Li em uma revista que a antiga União Soviética fazia aviões tão rápidos ou mais rápidos do que os aviões americanos, mas que numa guerra real eles não teriam chance.
Li em uma revista que a antiga União Soviética fazia aviões tão rápidos ou mais rápidos do que os aviões americanos, mas que numa guerra real eles não teriam chance. Achei a afirmação curiosa e fui tentar saber mais sobre a causa dessa afirmação. O articulista falava de algo tão simples quanto real. Ele dizia que os aviões soviéticos eram mais velozes porque eles tinham motores tão poderosos que “até um muro sairia voando, com tanta potência à disposição”. Muros, sabemos, não ganham guerras. E motores desse tamanho demandam tanto combustível que a) precisam de um avião com um tanque tão enorme de combustível que não sobraria muito espaço para radares, eletrônica, armas, essas coisas que aviões de guerra precisam ter;
b) não podem ficar muito tempo no ar e, portanto, têm sua utilidade reduzida exatamente quando as coisas começam a esquentar;
c) precisam de aviões-tanque por perto para seguirem voando e sendo úteis, sendo os aviões-tanque um problema porque são grandes, pesados e fáceis de destruir, complicando ainda mais um cenário cuja logística é, literalmente, infernal. É uma situação parecida com o velho varejo, do armarinho, do freguês de caderninho, do comprar por 50 e vender por 100. Dos tempos em que havia renda para pagar 100 e indústria disposta a oferecer essa margem toda ao varejista. Um cenário onde havia tanta renda, baixa competição e pouca demanda por qualidade/preço que qualquer um podia pilotar um muro e seguir voando por um bom tempo, sem medos de desastres aéreos ou de outra natureza qualquer.

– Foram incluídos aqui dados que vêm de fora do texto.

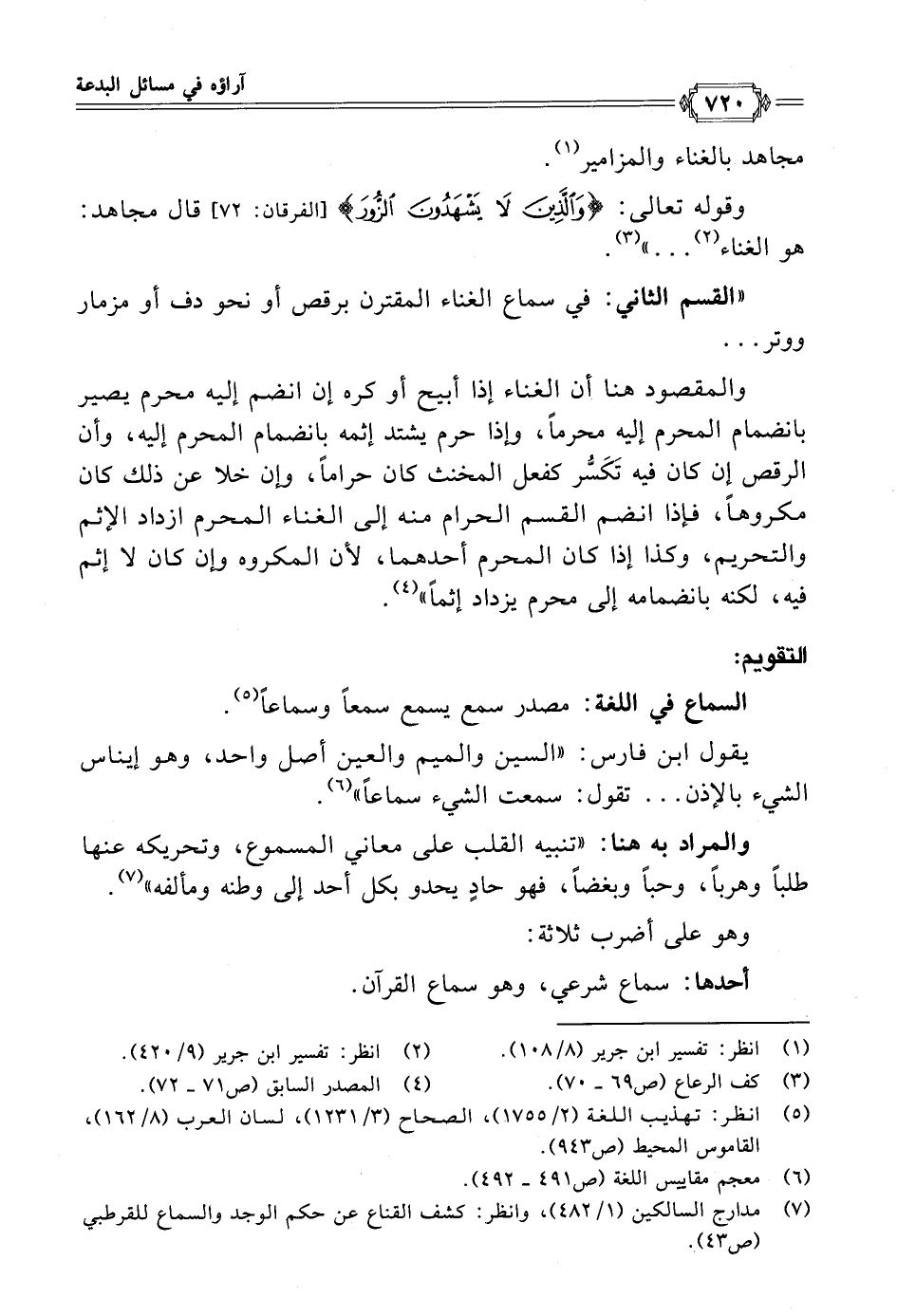 "القسم الثاني: في سماع الغناء المقترن برقص أو نحو دف أو مزمار ووتر ...

Centavo a centavo – Consultores norte-americanos já falam em “walmartization”, ou seja, no processo de transformar o mundo em um lugar que briga por cada centavo, tantos dos fabricantes quanto dos consumidores, e força todos os demais setores a atuar da mesma forma. Quem conhece os terríveis departamentos de compras das grandes multinacionais entende o drama.

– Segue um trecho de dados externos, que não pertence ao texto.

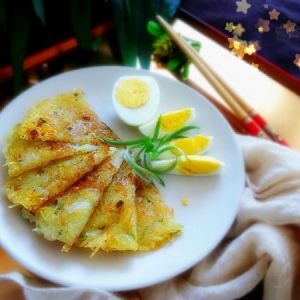 炒勺放油,放入土豆丝摊平,薄厚适中就可以,中火煎
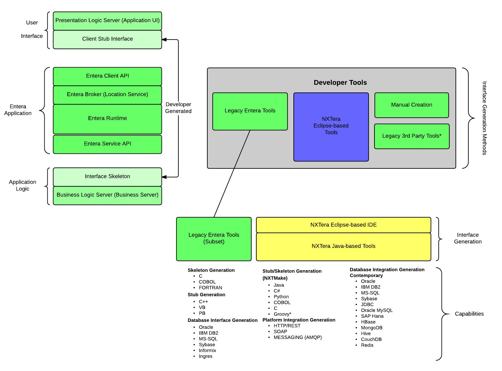 With NXTera, Entera applications can be extended to support and integrate with a wide selection of middleware platforms and distributed architectures:
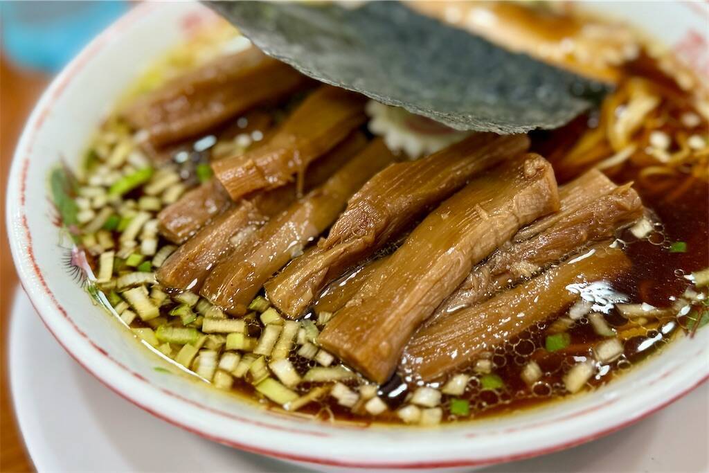 運ばれてきた「めんまらーめん」。 丼を覗き込むと、そこにはメンマ好きにはたまらない光景が広がっています。美しく透き通ったスープの上に、これでもかと盛り付けられた大量のメンマ。まさに主役級の存在感です。

Assim, não podemos mais ter foco simplesmente nos resultados, mas sim, nos processos, uma vez que aviões (mesmo os que voam) podem não resolver nosso problema de competição. Precisamos de inteligência agregada a todas as nossas ações para sabermos quanto combustível estamos empregando, momento a momento, se estamos obtendo resultados reais ou dissipando nossos recursos até o ponto em que eles se esgotarão com nossa operação ainda no ar.
Precisamos, desesperadamente, atingir o equilíbrio entre energia e recursos gastos e o que podemos ou devemos gastar, na obtenção de resultados. Precisamos de bons sensores colocados em pontos estratégicos e monitoração constante – além de análise contínua de suas informações, algo muito claro para nós, em nosso acompanhamento constante das mutações ininterruptas que ocorrem no ambiente do novo varejo.
Novo cenário – Conforme-se: a luta por “mais por menos”, a tal walmartização, não vai desaparecer apesar de nossos desejos, promessas e rezas brabas. Veja essa frase, dita por uma consumidora em uma pesquisa sobre a Classe C: “Eu não compro porque é barato. Eu compro porque é bom e barato”. Isso só se consegue oferecer com sistemas que não acreditem que o avião vai bem simplesmente porque está voando rápido, mas acompanha o cenário de maneira completa e não se ilude com apenas alguns índices de sucesso.
Precisamos de um sistema que não siga por aí feliz com as vendas, sem perceber que logo ali, em geral contra o sol para que a gente não o veja, está um concorrente com um avião menos veloz do que o nosso, planejado para fazer o que todo o avião de guerra deve fazer: localizar, atacar, e sair inteiro, enquanto nossos generais pensam no que deu errado.